We see that the query returns a stream whose elements are vectors where the inner vectors represent vectors of values for each signal. This is exactly what we need to do statistics over each of the signals.
Trigger statistics on signal
Let's say that the second signal in multisignal()
is RPM values from
an engine and the third signal is a light indicator which signals that
something has gone wrong. Whenever the indicator light switches on we
would like to see some statistics for the engine RPM.

To accomplish this we first need to define a new predicate that is true whenever the indicator light is on (i.e., when the third signal is equal to 1):
create function on_light(Timeval of Vector tv) -> Boolean
/* Returns true when element 3 in the vector is equal to 1 */
as select v[3] = 1
from Vector v
where v = value(tv)
Now we can use this new predicate in a call to twinagg()
and call it in a function statistics_on_light()
that both transforms
the result (as shown in the select statement from the previous
section) and carries out statistics calculations we might be
interested in.
create function statistics_on_light() -> Stream of Vector
as select Stream of [ts, rpm, mean(rpm), stdev(rpm)]
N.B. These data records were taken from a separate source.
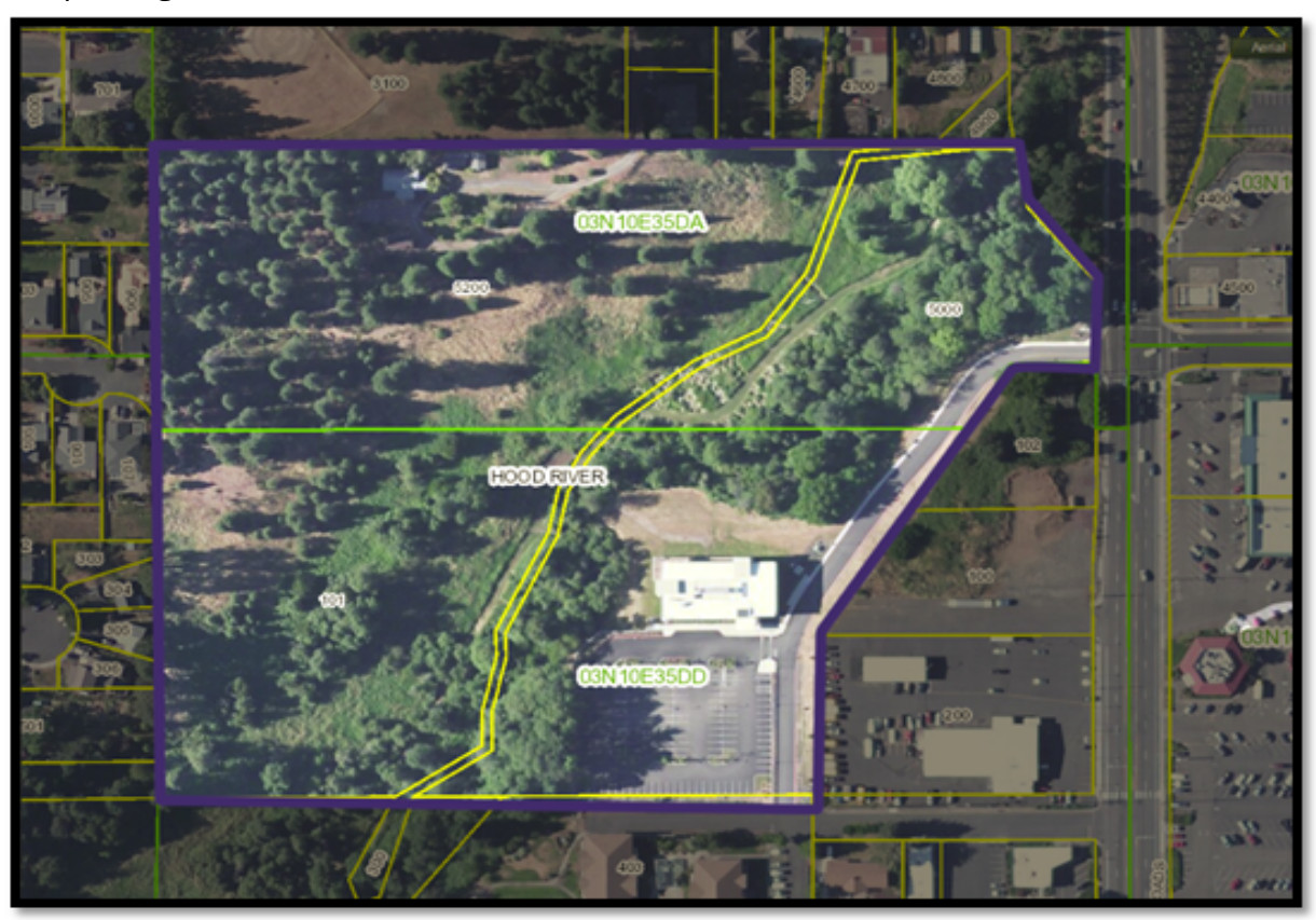
Figure 1.2 Hood River Center. Crimes or incidents reported to police occurring in this location are included in the statistics for Hood River Center. Private property is shaded in gray. Please note that a public easement (Indian Creek Trail) also runs through the college property. Indian Creek Trail is maintained and administrated by Hood River County Parks and Recreation.

The Hood River Center is located at 1730 College Way on 13.5 acres, which are bisected by Indian Creek, a public waterway, and the Indian Creek Trail. This campus is a single building and parking lot.
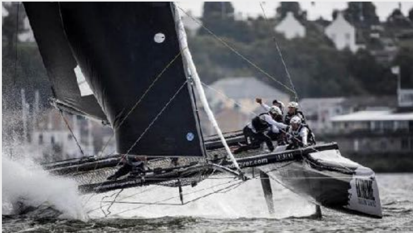
1980-2017: Multiscafo (Catamarans)
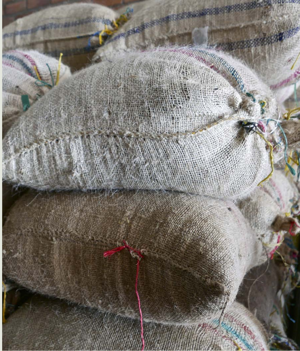
Cloud Forests and Coffee
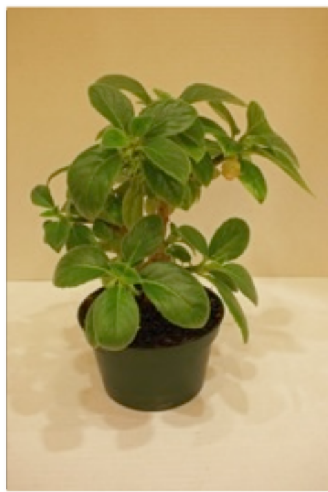
Alsobia chiapensis - Bill Price
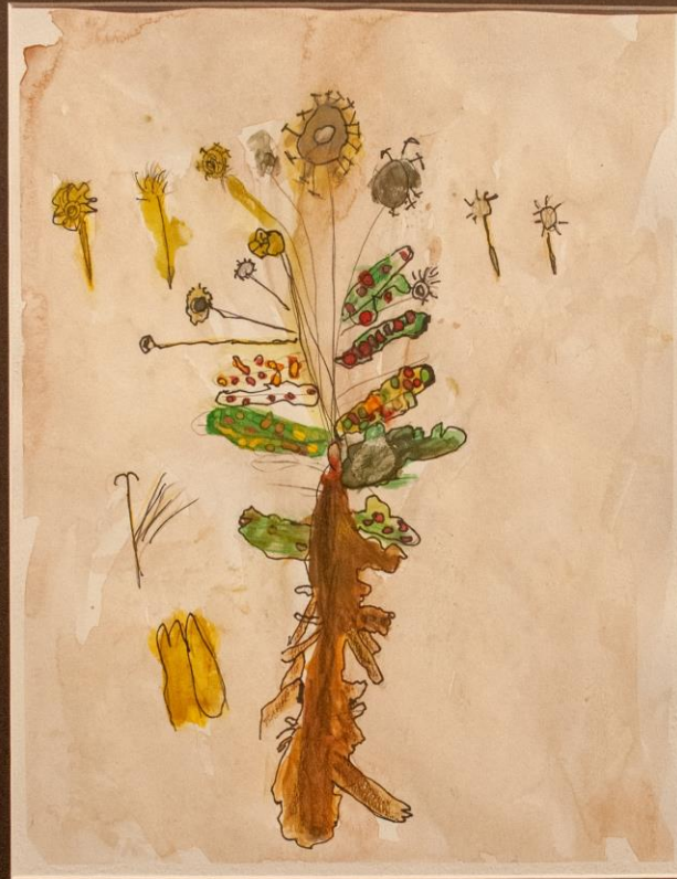
Chloe Ellett Kindergarten Indian Paint Brush Mixed Media
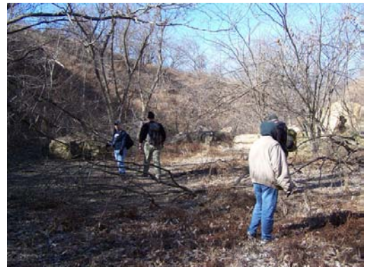
The flushing team in the strip mines
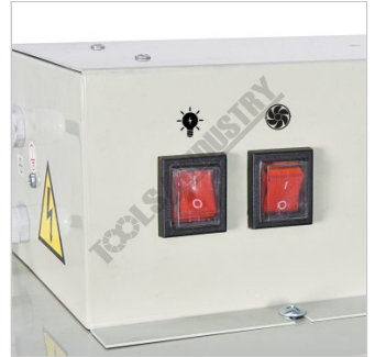
Switches for Light and Dust Collector
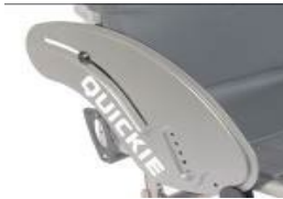
XFF040102 Aluminium, cold weather protection
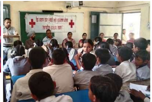
Red Cross Drug De-addiction and Rehabilitation Center Nawanshahr, Punjab organized an awareness camp under "Nasha Mukat Bharat Abhiyan" at Government High School, Bhin (Nawanshahr).
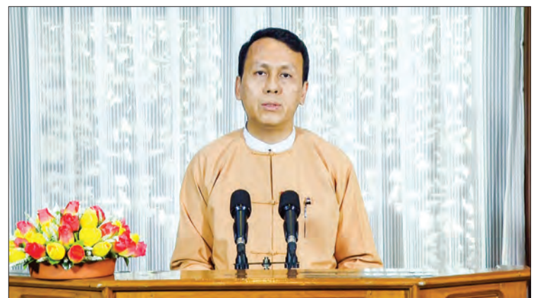
Yangon Region Chief Minister U Phyo Min Thein makes the speech to honour the dignity of Yangon University.
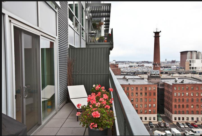
There's a private balcony off the living room.
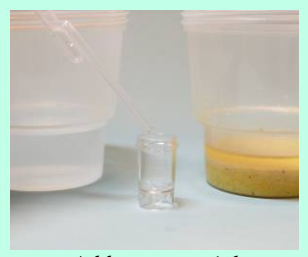
Add water to vial
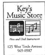
1/4 Page Layouts
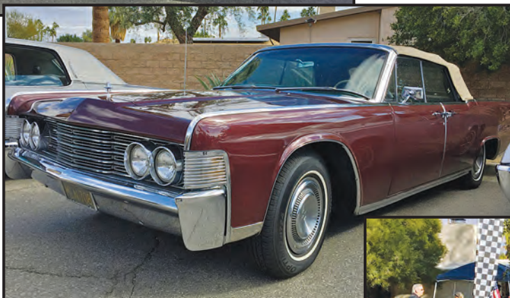
Maroon 1965 Lincoln Continental Convertible

The street was closed around 9:00 a.m. The cost was $15 at the door to cover food and drink. The event was held at 1228 San Lorenzo Rd., Palm Springs, Ca. 92264

from Timeval of Vector tsv, Timeval ts,
Vector of Vector of Number v,
Vector of Vector of Number vt,
Vector of Number rpm
where tsv in twinagg(multisignal(), .5, #'on_light')
and v = value(tsv)
and vt = transpose(v)
and ts = timestamp(tsv)
and rpm = vt[2]
The function above will return a stream of elements [ts, rpm, mean,
stdev]
where ts
is the time-stamp of the RPM values for the last
0.5 seconds, rpm
is a vector containing the sensor readings in the
window, mean
is the average reading, and stdev
is the standard
deviation. Try it by executing the following query:
statistics_on_light()
Specify which signal should trigger output
The on_light()
predicate assumes that the light has index
three in the vector. This might be subject to change, or you might
have other signals that you wish to use as alerts. It would therefore
be better if we could provide the index for the alert signal as
input. To illustrate this we can define a new predicate for
general alerts:
create function on_alert(Timeval of Vector tv, Vector p) -> Boolean
as select v[signal_index] = 1
from Vector v, Number signal_index
where v = value(tv)
and signal_index = p[1]
We can now tweak statistics_on_light()
by passing the index of the
light signal into the predicate:
create function statistics_on_alert(Number signal_index) -> Stream of Vector
as select Stream of [ts, rpm_window, mean(rpm_window), stdev(rpm_window)]
from Timeval of Vector tsv, Timeval ts,
Vector of Vector of Number v,
Vector of Vector of Number vt,
Vector of Number rpm_window
where tsv in twinagg(multisignal(), .5, #'on_alert', [signal_index])
and v = value(tsv)
and vt = transpose(v)
and ts = timestamp(tsv)
and rpm_window = vt[2]
Try the new function by calling it with the index set to three:
statistics_on_alert(3)
You should get the same result as you did for statistics_on_light()
but now you have specified the index of the alert signal manually.
And that concludes this guide on how to use twinagg()
for
conditional statistics multi-signal time stamed streams.